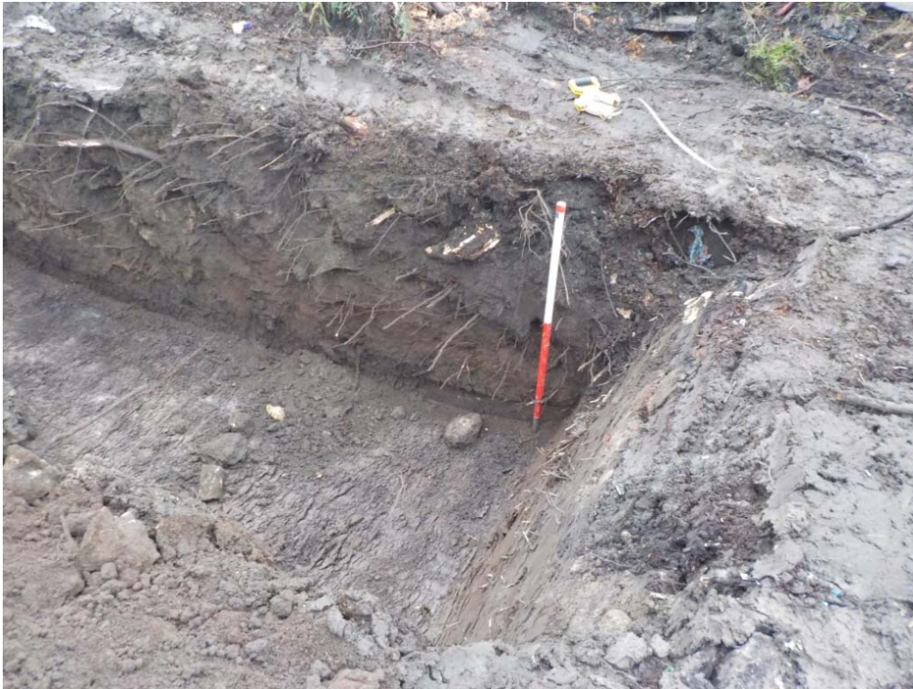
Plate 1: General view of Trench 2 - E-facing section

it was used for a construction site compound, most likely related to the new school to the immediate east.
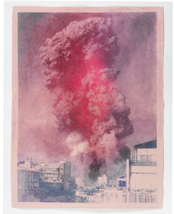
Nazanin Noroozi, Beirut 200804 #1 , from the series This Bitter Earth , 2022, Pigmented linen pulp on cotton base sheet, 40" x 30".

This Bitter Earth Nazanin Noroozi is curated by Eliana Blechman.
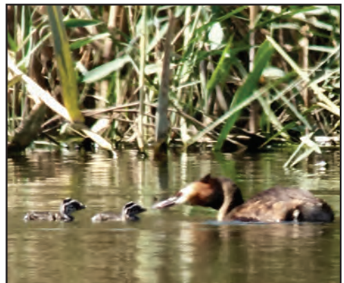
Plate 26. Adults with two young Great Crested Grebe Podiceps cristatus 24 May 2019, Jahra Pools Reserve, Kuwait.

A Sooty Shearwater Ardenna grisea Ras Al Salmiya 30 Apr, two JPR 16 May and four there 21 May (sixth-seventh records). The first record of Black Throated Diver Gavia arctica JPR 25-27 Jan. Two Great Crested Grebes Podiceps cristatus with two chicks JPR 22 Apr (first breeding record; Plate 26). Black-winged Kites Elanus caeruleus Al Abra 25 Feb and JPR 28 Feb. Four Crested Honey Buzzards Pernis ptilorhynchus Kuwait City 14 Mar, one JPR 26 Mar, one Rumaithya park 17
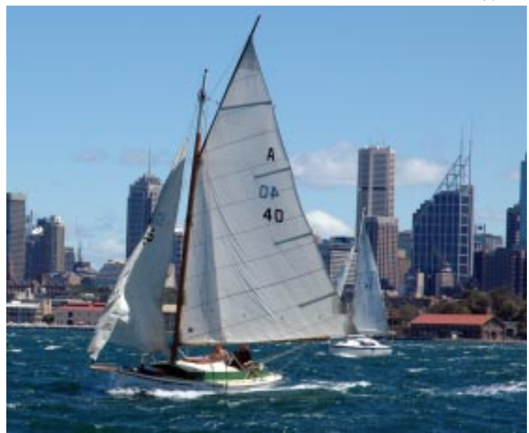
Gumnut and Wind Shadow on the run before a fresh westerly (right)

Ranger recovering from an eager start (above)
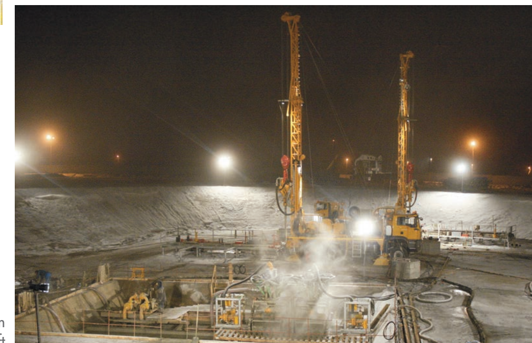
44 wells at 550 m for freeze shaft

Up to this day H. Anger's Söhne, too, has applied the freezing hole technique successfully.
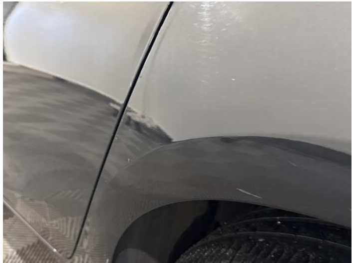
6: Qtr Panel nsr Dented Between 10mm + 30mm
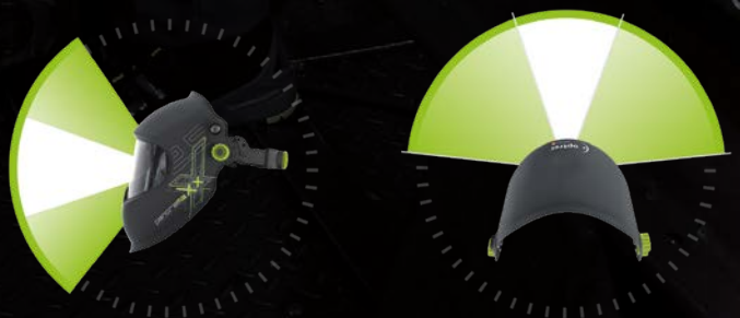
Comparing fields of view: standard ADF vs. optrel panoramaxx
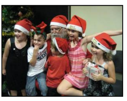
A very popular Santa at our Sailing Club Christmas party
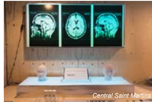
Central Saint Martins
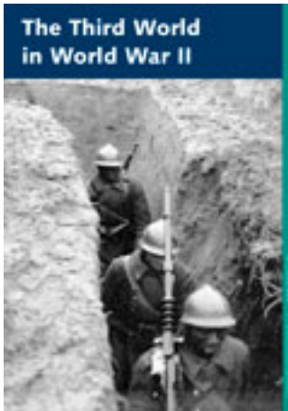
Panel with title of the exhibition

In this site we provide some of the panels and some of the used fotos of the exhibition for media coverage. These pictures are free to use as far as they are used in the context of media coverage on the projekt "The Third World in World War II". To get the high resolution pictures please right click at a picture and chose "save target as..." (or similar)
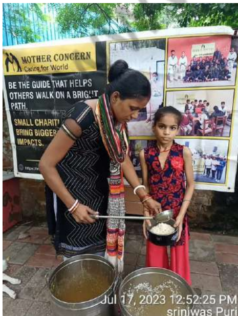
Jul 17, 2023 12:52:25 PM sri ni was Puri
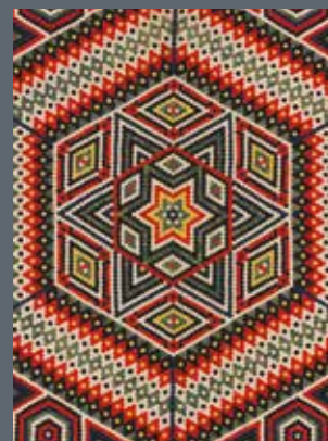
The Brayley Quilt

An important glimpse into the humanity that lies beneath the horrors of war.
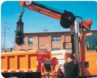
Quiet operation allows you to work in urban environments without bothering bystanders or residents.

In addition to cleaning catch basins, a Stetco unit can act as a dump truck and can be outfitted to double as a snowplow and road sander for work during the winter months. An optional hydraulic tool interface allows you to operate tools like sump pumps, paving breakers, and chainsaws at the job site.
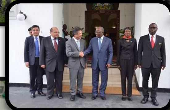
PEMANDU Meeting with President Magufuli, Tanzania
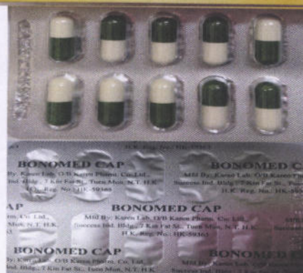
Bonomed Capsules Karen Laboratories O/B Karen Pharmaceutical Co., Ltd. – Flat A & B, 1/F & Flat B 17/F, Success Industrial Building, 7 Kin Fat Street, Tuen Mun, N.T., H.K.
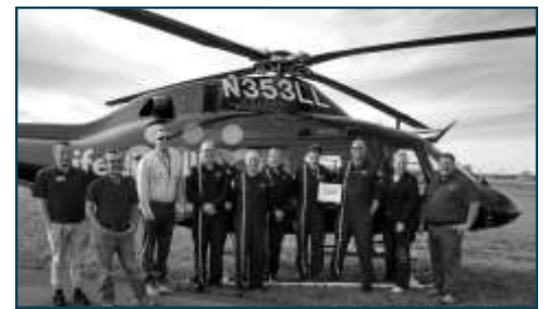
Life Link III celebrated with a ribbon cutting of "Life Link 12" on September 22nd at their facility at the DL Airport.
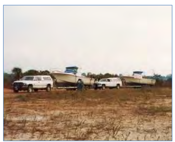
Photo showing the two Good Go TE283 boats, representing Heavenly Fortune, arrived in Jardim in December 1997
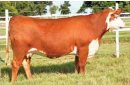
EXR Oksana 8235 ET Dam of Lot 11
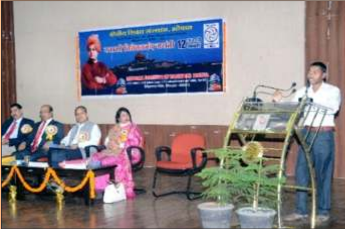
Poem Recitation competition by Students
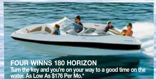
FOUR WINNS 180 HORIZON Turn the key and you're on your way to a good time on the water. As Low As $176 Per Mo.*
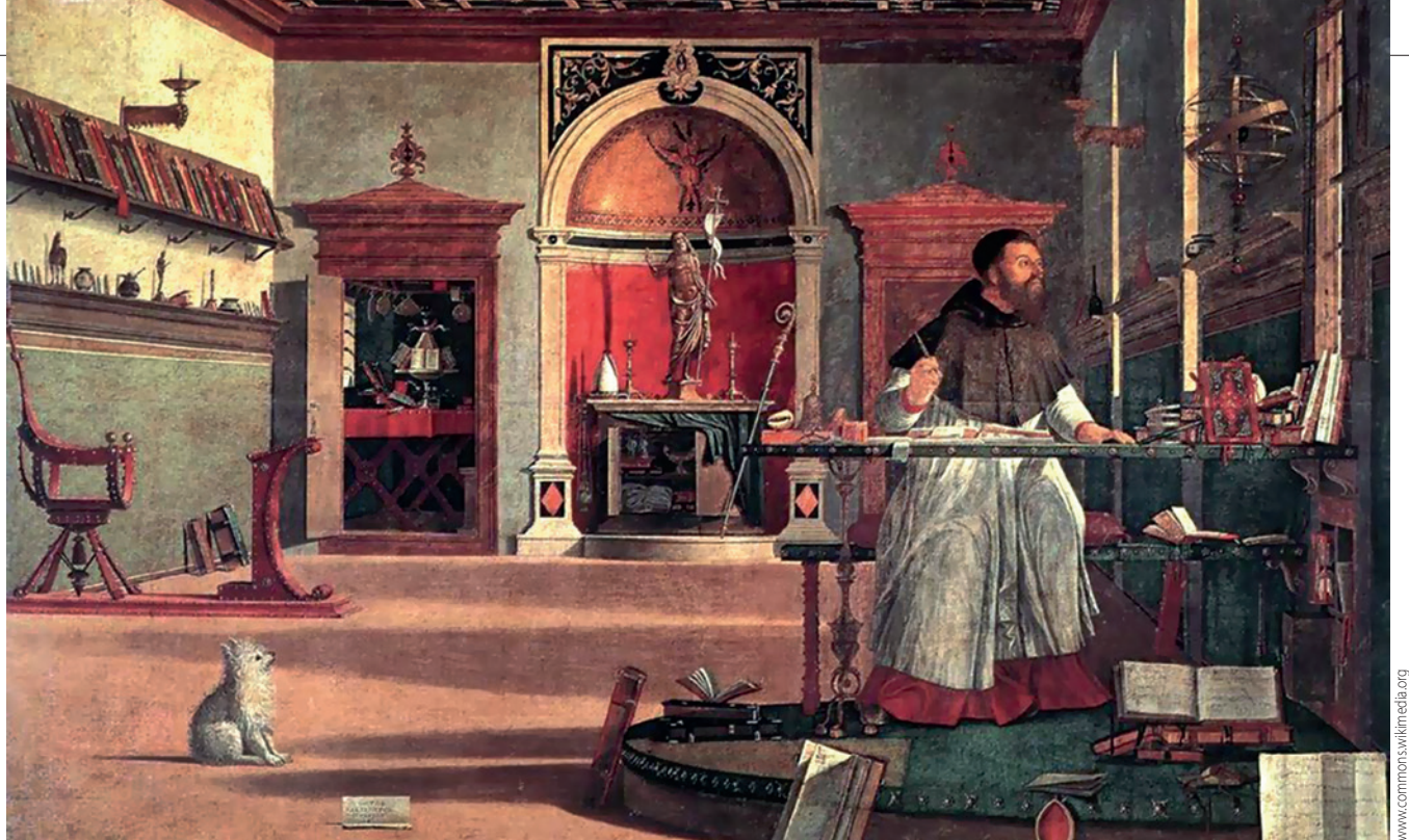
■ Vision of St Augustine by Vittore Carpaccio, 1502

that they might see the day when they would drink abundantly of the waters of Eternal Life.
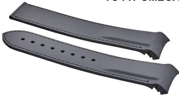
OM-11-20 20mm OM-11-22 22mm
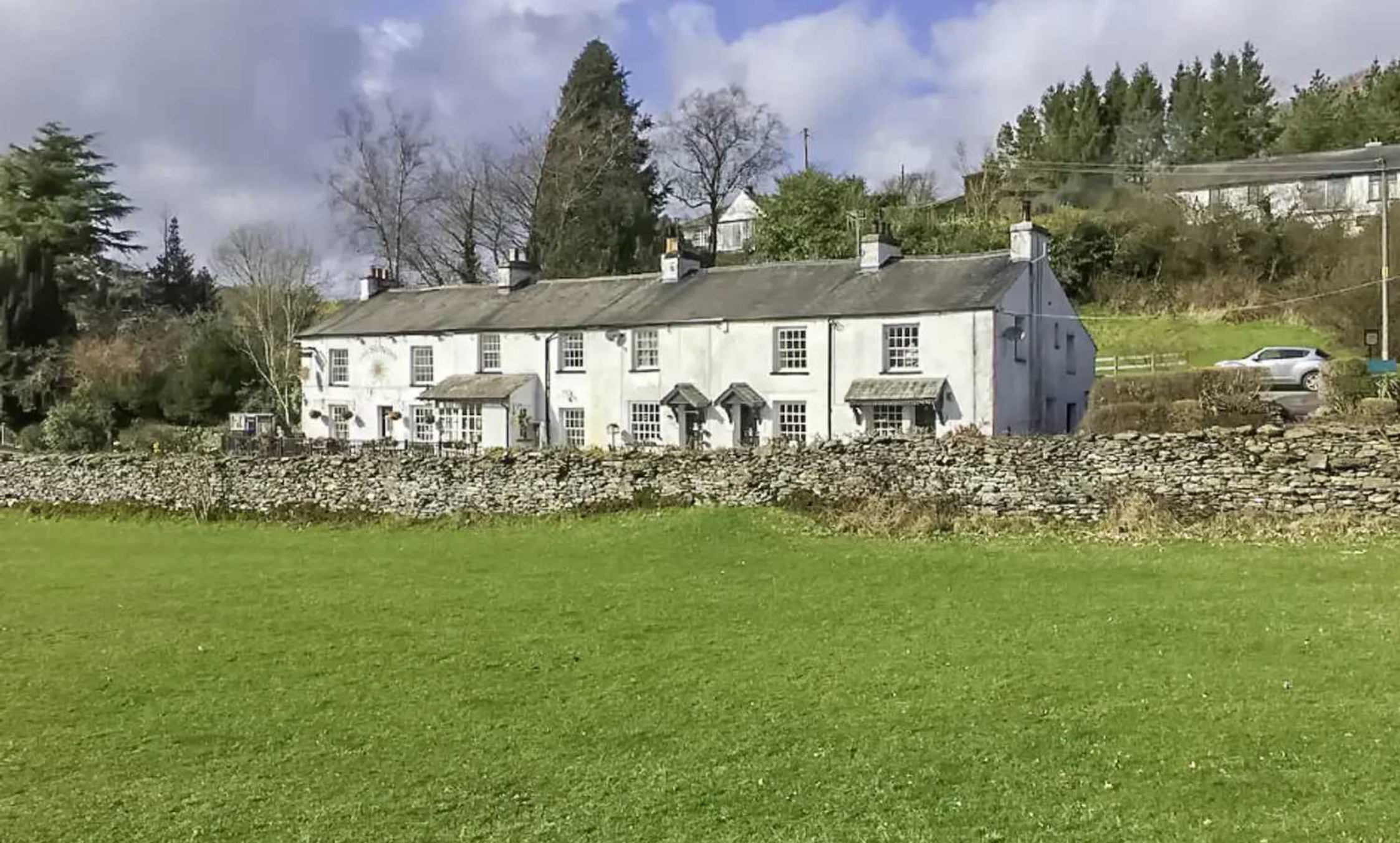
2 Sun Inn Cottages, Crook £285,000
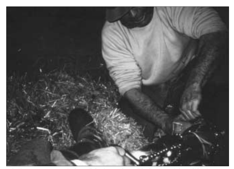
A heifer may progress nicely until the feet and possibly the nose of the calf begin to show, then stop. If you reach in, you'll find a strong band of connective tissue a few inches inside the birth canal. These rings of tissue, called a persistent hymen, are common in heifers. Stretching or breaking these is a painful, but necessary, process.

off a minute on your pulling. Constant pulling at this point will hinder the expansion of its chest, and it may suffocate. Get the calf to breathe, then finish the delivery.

-------

● WHAT THE TASK ASKS:
All preceding records should be duplicated verbatim, images excepted.

● WRITTEN ANSWER:
Plate 1: General view of Trench 2 - E-facing section

it was used for a construction site compound, most likely related to the new school to the immediate east.
Nazanin Noroozi, Beirut 200804 #1 , from the series This Bitter Earth , 2022, Pigmented linen pulp on cotton base sheet, 40" x 30".

This Bitter Earth Nazanin Noroozi is curated by Eliana Blechman.
Plate 26. Adults with two young Great Crested Grebe Podiceps cristatus 24 May 2019, Jahra Pools Reserve, Kuwait.

A Sooty Shearwater Ardenna grisea Ras Al Salmiya 30 Apr, two JPR 16 May and four there 21 May (sixth-seventh records). The first record of Black Throated Diver Gavia arctica JPR 25-27 Jan. Two Great Crested Grebes Podiceps cristatus with two chicks JPR 22 Apr (first breeding record; Plate 26). Black-winged Kites Elanus caeruleus Al Abra 25 Feb and JPR 28 Feb. Four Crested Honey Buzzards Pernis ptilorhynchus Kuwait City 14 Mar, one JPR 26 Mar, one Rumaithya park 17
Gumnut and Wind Shadow on the run before a fresh westerly (right)

Ranger recovering from an eager start (above)
44 wells at 550 m for freeze shaft

Up to this day H. Anger's Söhne, too, has applied the freezing hole technique successfully.
6: Qtr Panel nsr Dented Between 10mm + 30mm
Comparing fields of view: standard ADF vs. optrel panoramaxx
A very popular Santa at our Sailing Club Christmas party
Central Saint Martins
Panel with title of the exhibition

In this site we provide some of the panels and some of the used fotos of the exhibition for media coverage. These pictures are free to use as far as they are used in the context of media coverage on the projekt "The Third World in World War II". To get the high resolution pictures please right click at a picture and chose "save target as..." (or similar)
Jul 17, 2023 12:52:25 PM sri ni was Puri
The Brayley Quilt

An important glimpse into the humanity that lies beneath the horrors of war.
Quiet operation allows you to work in urban environments without bothering bystanders or residents.

In addition to cleaning catch basins, a Stetco unit can act as a dump truck and can be outfitted to double as a snowplow and road sander for work during the winter months. An optional hydraulic tool interface allows you to operate tools like sump pumps, paving breakers, and chainsaws at the job site.
PEMANDU Meeting with President Magufuli, Tanzania
Bonomed Capsules Karen Laboratories O/B Karen Pharmaceutical Co., Ltd. – Flat A & B, 1/F & Flat B 17/F, Success Industrial Building, 7 Kin Fat Street, Tuen Mun, N.T., H.K.
Life Link III celebrated with a ribbon cutting of "Life Link 12" on September 22nd at their facility at the DL Airport.
Photo showing the two Good Go TE283 boats, representing Heavenly Fortune, arrived in Jardim in December 1997
EXR Oksana 8235 ET Dam of Lot 11
Poem Recitation competition by Students
FOUR WINNS 180 HORIZON Turn the key and you're on your way to a good time on the water. As Low As $176 Per Mo.*
■ Vision of St Augustine by Vittore Carpaccio, 1502

that they might see the day when they would drink abundantly of the waters of Eternal Life.
OM-11-20 20mm OM-11-22 22mm
2 Sun Inn Cottages, Crook £285,000
A heifer may progress nicely until the feet and possibly the nose of the calf begin to show, then stop. If you reach in, you'll find a strong band of connective tissue a few inches inside the birth canal. These rings of tissue, called a persistent hymen, are common in heifers. Stretching or breaking these is a painful, but necessary, process.

off a minute on your pulling. Constant pulling at this point will hinder the expansion of its chest, and it may suffocate. Get the calf to breathe, then finish the delivery.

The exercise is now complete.